Let me illustrate with the coin example. When I say that the next flip has a 50% chance of coming up heads, what I really mean is that the coin will come up heads in half of all universes that I can imagine (weighted by likelihood of occurrence) that are consistent with my observations so far.
However, we also have an estimate of another quantity, namely ‘the probability that the coin comes up heads’ (generically). I’m going to call this the weight of the coin since that is the colloquial term. When we say that we are 50% confident that the coin comes up heads (and that we have a high degree of confidence in our estimate), we really mean that we believe that the distribution over the weight of the coin is tightly concentrated about one-half. This will be the case after 10,000 flips, but not after 5 flips. (In fact after N heads and N tails, a weight of x has probability proportional to [x(1-x)] ^N.)
What is important to realize is that the statement ‘the coin will come up heads with probability 50%’ means ‘I believe that in half of all conceivable universes the coin will come up heads’, whereas ‘I am 90% confident that the coin will come up heads with probability 50%’ means something more along the lines of ‘I believe that in 90% of all conceivable universes my models predict a 50% chance of heads’. But there is also the difference that in the second statement, the ’90% of all conceivable universes’ only actually specifies them up to the extent that our models need in order to take over.

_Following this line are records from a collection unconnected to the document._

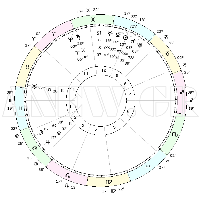 | | ΘΕΣΕΙΣ ΠΛΑΝΗΤΩΝ ΑΣΤΡΟΛΟΓΙΚΟΥ ΧΑΡΤΗ ΤΗΣ ΣΤΙΓΜΗΣ ΑΥΤΗΣ | | | | Πλανήτης | Ζώδιο | Μοίρες | Δεκαήμ. | Σε οίκο | Απόκλιση | | Ακμές των οίκων | | Ηλιος | Υδροχόος | 10°31' | Δεύτερο | 10 | 17 S 36 | | 1ος | 14°48' | Ταύρος | | Σελήνη | Καρκίνος | 06°49' | Πρώτο | 3 | 27 N 52 | | 2ος | 13°05' | Δίδυμοι | | Ερμής | Υδροχόος | 16°41' | Δεύτερο | 10 | 17 S 42 | | 3ος | 05°20' | Καρκίνος | | Αφροδίτη | Υδροχόος | 16°11' | Δεύτερο | 10 | 17 S 15 | | 4ος | 27°18' | Καρκίνος | | Αρης | Υδροχόος | 05°29' | Πρώτο | 10 | 19 S 54 | | 5ος | 23°25' | Λέων | | Δίας | Καρκίνος | 17°32'R | Δεύτερο | 3 | 22 N 35 | | 6ος | 29°06' | Παρθένος | | Κρόνος | Ιχθείς | 28°36' | Τρίτο | 11 | 02 S 33 | | 7ος | 14°48' | Σκορπιός | | Ουρανός | Ταύρος | 27°28'R | Τρίτο | 1 | 19 N 24 | | 8ος | 13°05' | Τοξότης | | Ποσειδώνας | Κριός | 00°06' | Πρώτο | 12 | 01 S 10 | | 9ος | 05°20' | Αιγόκερως | | Πλούτωνας | Υδροχόος | 03°39' | Πρώτο | 10 | 23 S 02 | | 10ος | 27°18' | Αιγόκερως | | Β. Δεσμός | Ιχθείς | 10°37' | Δεύτερο | 11 | 07 S 35 | | 11ος | 23°25' | Υδροχόος | | Ωροσκόπος | Ταύρος | 14°48' | Δεύτερο | | | 12ος | 29°06' | Ιχθείς | | Μεσουράνημα | Αιγόκερως | 27°18' | Τρίτο | | | |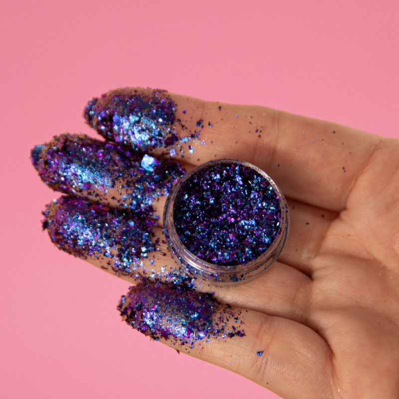 Partícula de brillo, hojilla metálica, multicromatica, camaleonica. Adquiere diferentes tonalidades dependiendo del ángulo de la luz. Particula de 10-2000 micras. Debe de ser utilizado sobre una base adhesiva (recomendado el pegante de pigmentos Naba), ya que mejora su adherencia y es trasparente, por ende, no altera el color. Contenido: 2-4 GR segun densidad.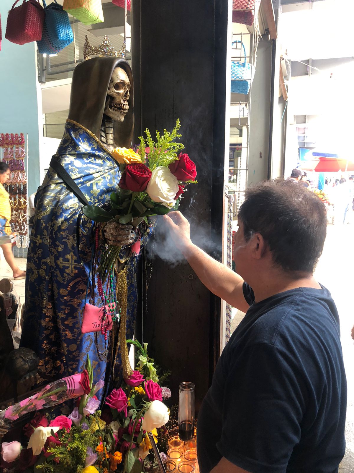 Al interior del mercado “Lucas de Gálvez” se encuentra un altar dedicado a la Santa Muerte y donde personas acuden a ofrecerle sus respetos y a pedirle salud y dinero, principalmente.
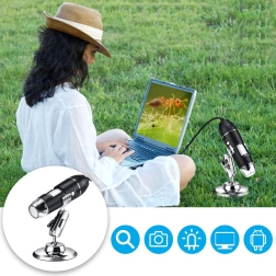 Descubra detalles que se escapan al ojo humano. Este microscopio digital USB con sensor de 2 MP ofrece una vista nítida en tiempo real y, gracias al aumento de hasta 1600×, revela estructuras de electrónica, minerales, textiles, plantas o insectos. Ocho LED de alta luminosidad con control de intensidad aseguran la iluminación adecuada de cada escena.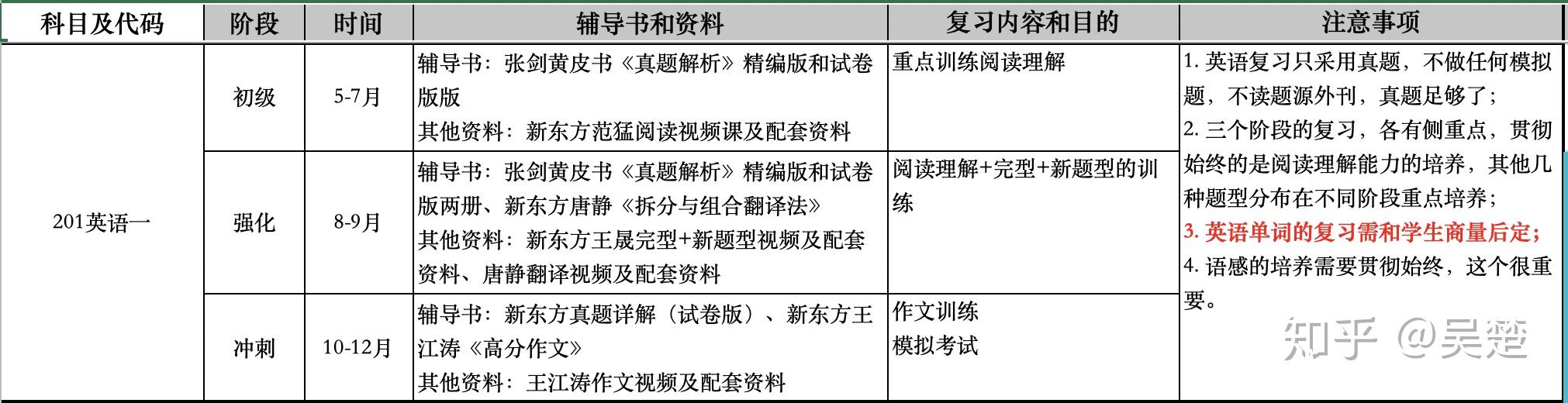 当然,每个人还需要根据当时的复习情况和自身的特点做动态调整。

I think that this is similar to what humans do when they express confidence in a probability. However, there is an important difference, as in the previous case my ‘confidence in a probability’ corresponded to some hidden parameter that dictated the results of the coin under repeated trials. The hidden parameter in most real-world situations is far less clear, and we also don’t usually get to see repeated trials (I don’t think this should matter, but unfortunately my intuition is frequentist).